───── Exercise materials

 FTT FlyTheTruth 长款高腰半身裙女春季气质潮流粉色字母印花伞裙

──────────
───── Exercise materials

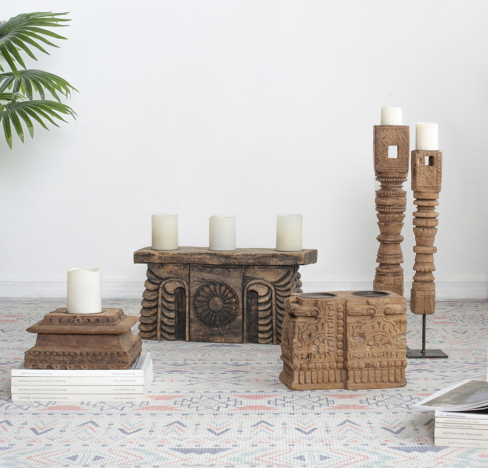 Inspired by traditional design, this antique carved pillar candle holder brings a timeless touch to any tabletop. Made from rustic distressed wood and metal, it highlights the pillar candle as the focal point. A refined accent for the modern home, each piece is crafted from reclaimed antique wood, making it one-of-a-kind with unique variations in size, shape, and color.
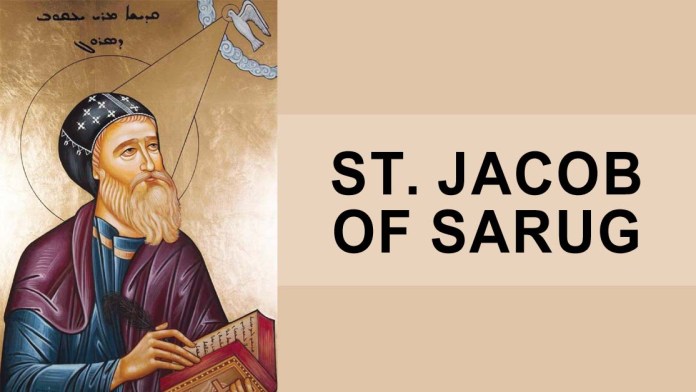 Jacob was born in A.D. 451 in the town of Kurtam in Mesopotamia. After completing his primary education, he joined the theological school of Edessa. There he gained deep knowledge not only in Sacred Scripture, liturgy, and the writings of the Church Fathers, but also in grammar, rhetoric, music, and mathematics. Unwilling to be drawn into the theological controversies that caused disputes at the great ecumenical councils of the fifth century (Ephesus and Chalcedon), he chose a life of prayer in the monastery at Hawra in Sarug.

──────────
───── Exercise materials

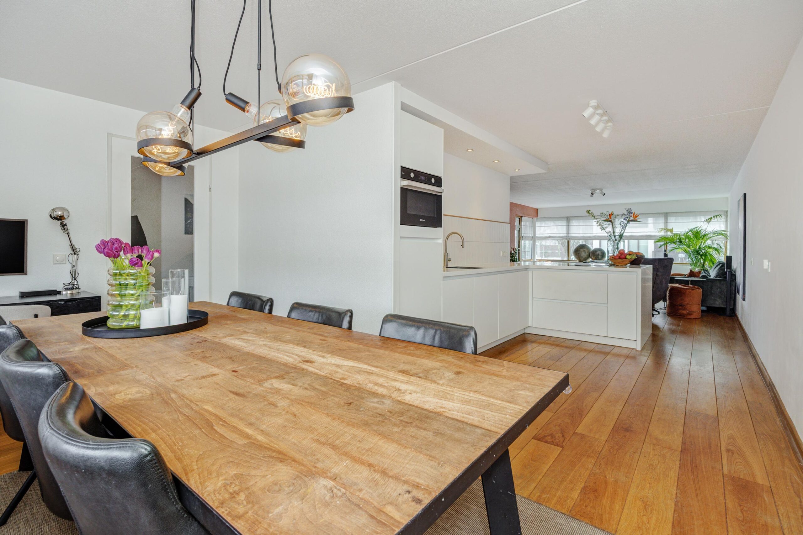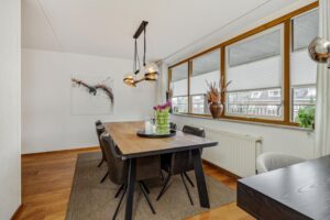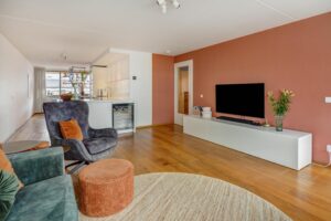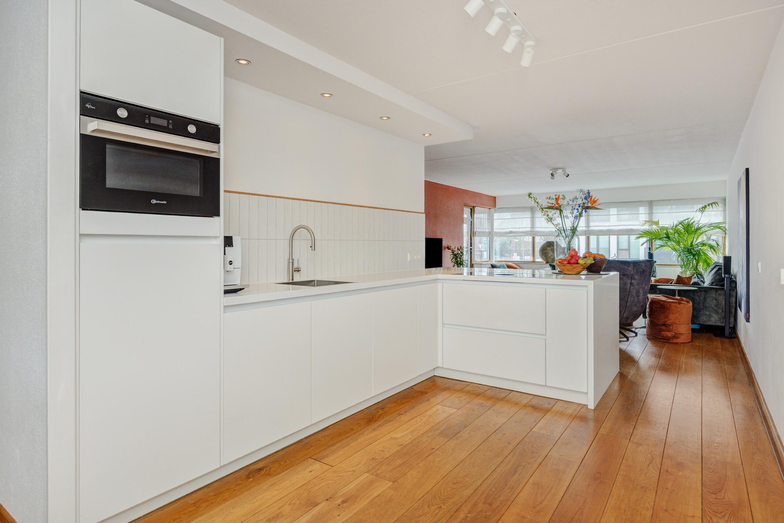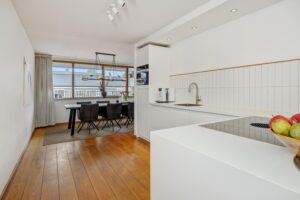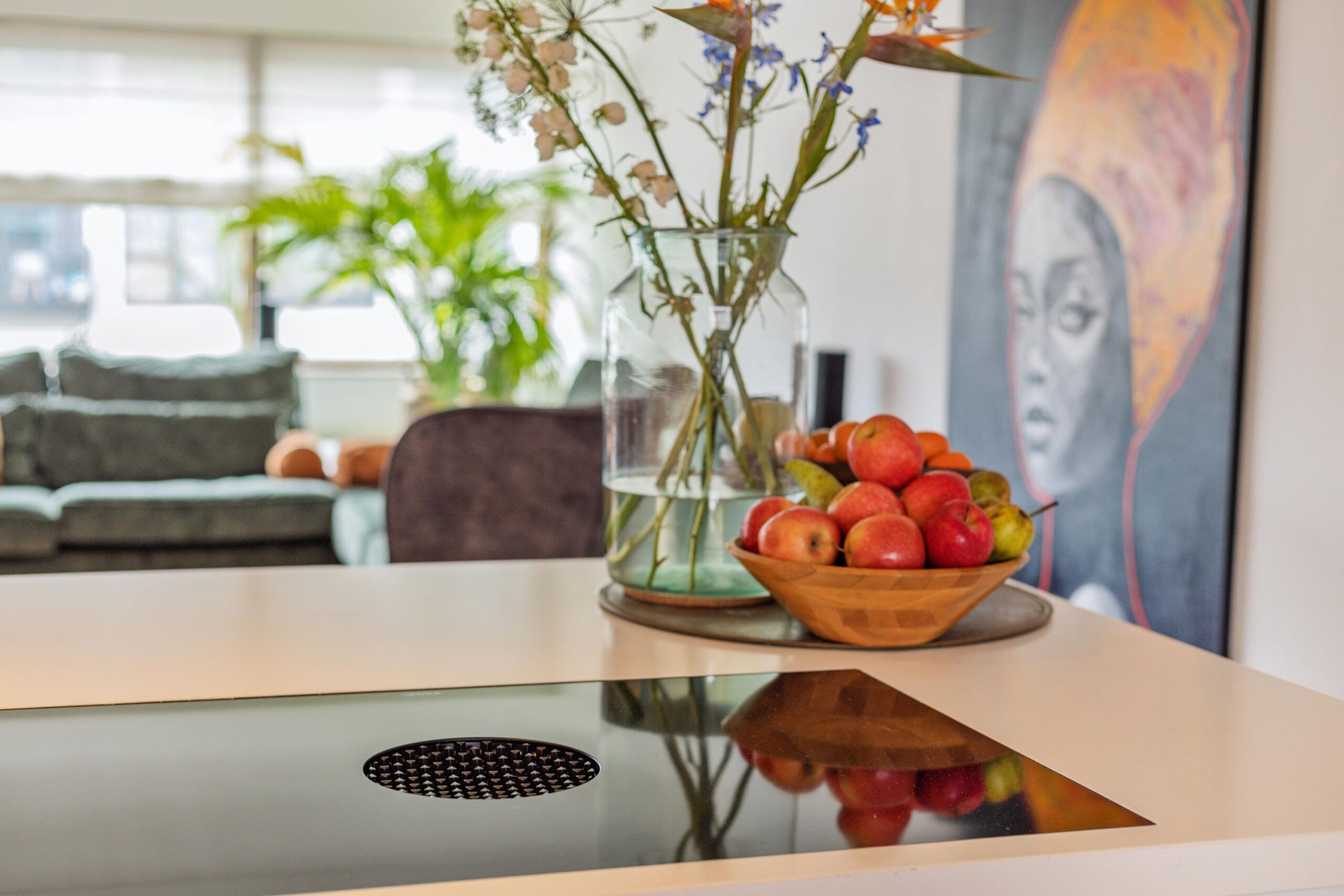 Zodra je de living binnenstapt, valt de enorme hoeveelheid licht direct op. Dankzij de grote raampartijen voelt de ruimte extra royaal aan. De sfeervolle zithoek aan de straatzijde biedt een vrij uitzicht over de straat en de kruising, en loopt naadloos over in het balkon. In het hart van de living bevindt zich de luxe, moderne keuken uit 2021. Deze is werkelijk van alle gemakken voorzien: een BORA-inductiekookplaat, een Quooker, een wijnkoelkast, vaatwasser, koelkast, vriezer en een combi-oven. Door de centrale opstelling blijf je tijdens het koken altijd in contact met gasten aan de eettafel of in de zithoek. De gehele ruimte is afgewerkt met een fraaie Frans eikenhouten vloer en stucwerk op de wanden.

──────────

Copy the lines above exactly, starting at the one with "Inspired by traditional" and ending at the one with "Jacob was born", both included. Leave out any pictures and add nothing else.

 Inspired by traditional design, this antique carved pillar candle holder brings a timeless touch to any tabletop. Made from rustic distressed wood and metal, it highlights the pillar candle as the focal point. A refined accent for the modern home, each piece is crafted from reclaimed antique wood, making it one-of-a-kind with unique variations in size, shape, and color.
 Jacob was born in A.D. 451 in the town of Kurtam in Mesopotamia. After completing his primary education, he joined the theological school of Edessa. There he gained deep knowledge not only in Sacred Scripture, liturgy, and the writings of the Church Fathers, but also in grammar, rhetoric, music, and mathematics. Unwilling to be drawn into the theological controversies that caused disputes at the great ecumenical councils of the fifth century (Ephesus and Chalcedon), he chose a life of prayer in the monastery at Hawra in Sarug.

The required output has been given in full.